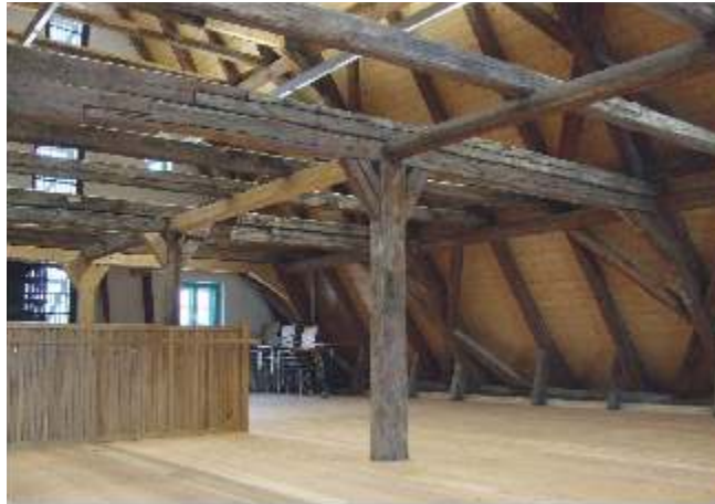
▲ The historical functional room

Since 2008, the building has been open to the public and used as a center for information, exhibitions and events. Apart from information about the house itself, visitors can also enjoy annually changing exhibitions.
---
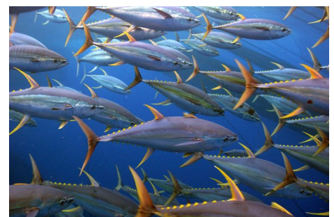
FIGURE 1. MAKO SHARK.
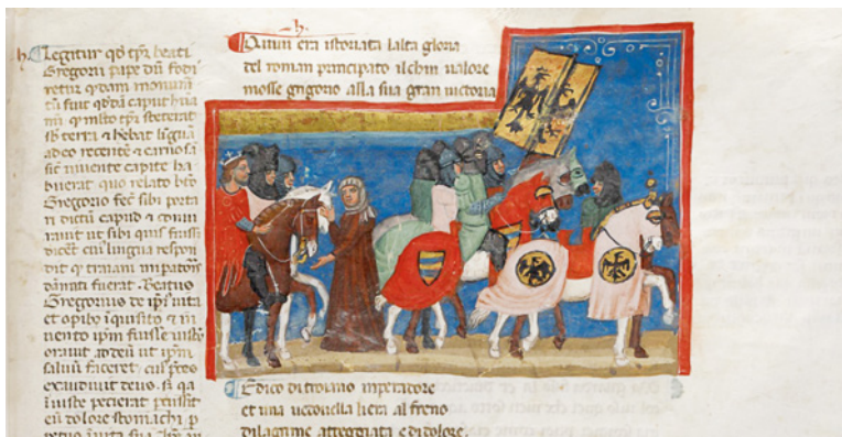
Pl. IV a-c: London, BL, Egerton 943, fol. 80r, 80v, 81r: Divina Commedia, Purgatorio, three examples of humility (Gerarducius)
* * *
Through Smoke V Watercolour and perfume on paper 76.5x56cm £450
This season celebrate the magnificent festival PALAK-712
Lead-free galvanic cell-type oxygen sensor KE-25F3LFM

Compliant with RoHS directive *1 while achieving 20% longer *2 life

Work instructions — Take the records above and return, word for word, only the lines that fall from the line with "historical functional room" to the line with "Since 2008, the", both of them included.

Written answer —
▲ The historical functional room

Since 2008, the building has been open to the public and used as a center for information, exhibitions and events. Apart from information about the house itself, visitors can also enjoy annually changing exhibitions.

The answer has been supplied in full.